*PROBLEM TO SOLVE*
Begin at the first line of the data and copy each line through the one containing "cake Universal |", that line included, with no pictures.
***** INPUT DATA *****
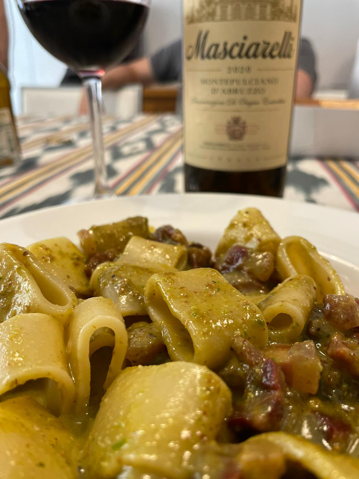 “Siento que estoy paseando por la Toscana” indica Luigi de la Fonti al saborear la pasta al pesto de pistachos
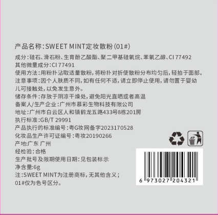 | nameOriginal | SWEETMINT makeup powder is durable and not easy to take off makeup Chinese brand oil control natural makeup powder cake Universal |
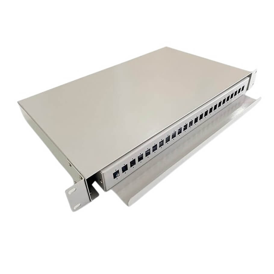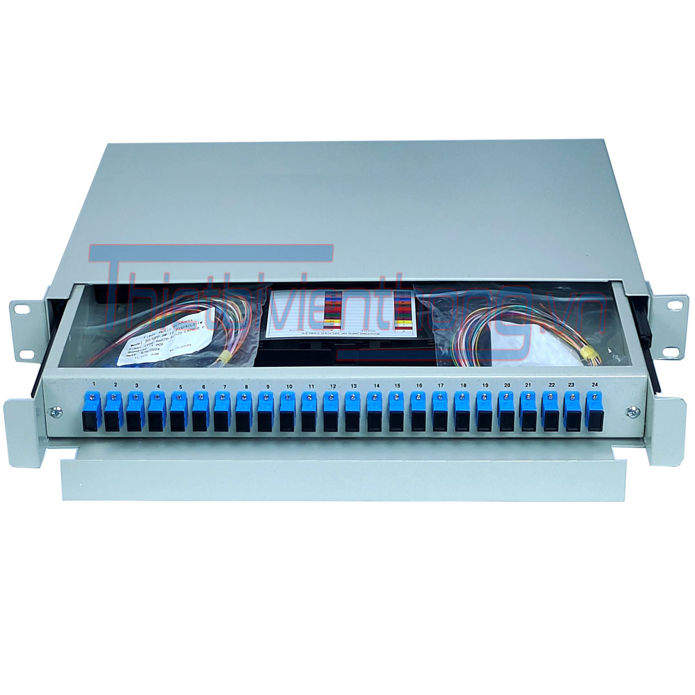 Khay trượt gắn rack 19 inch ODF 24FO- ODF khay trượt gắn rack 19” (đầy đủ phụ kiện bao gồm dây nối quang SC/UPC).- Dùng để kết nối và phân phối sợi quang.- Tất cả các khay chứa mối nối quang thông dụng đề có thể lắp đặt được.- Kiểu lắp đặt: Trên giá 19 inches, thiết kế theo dạng trượt và độ sâu có thể điều chỉnh được tối đa 120mm.- Dung lượng cho 24 sợi quang.- Đầu giao tiếp quang: FC (đầu vặn ren), SC (đầu vuông), ST (đầu gài tròn), LC (đầu vuông nhỏ).- Vật liệu vỏ: Thép sơn tĩnh điện.- Dễ dàng lắp đặt không cần dụng cụ chuyên dụng.- Thiết kế theo kiểu dạng trượt trên thanh ray có thể kéo ra ngoài trong khi lắp đặt.- Có thể xếp chồng lên nhiều khay chứa mối nối quang.- Nhiệt độ làm việc: -30°C ~ 80°C.- Độ ẩm: ≤ 95%.- Có độ rộng thích hợp để gắn trên giá 19 inches và chiều cao phụ thuộc vào dung lượng của ODF.
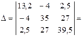 6. Решаем полученную систему контурных уравнений, используя правило Крамера []: 6.1. Вычисляем главный определитель системы, разворачивая квадратную матрицу контурных сопротивлений по первой строке (следует заметить, что величина определителя не зависит от того, по какой строке или столбцу его разворачивают)
*****
*TASK ANSWER*
 “Siento que estoy paseando por la Toscana” indica Luigi de la Fonti al saborear la pasta al pesto de pistachos
 | nameOriginal | SWEETMINT makeup powder is durable and not easy to take off makeup Chinese brand oil control natural makeup powder cake Universal |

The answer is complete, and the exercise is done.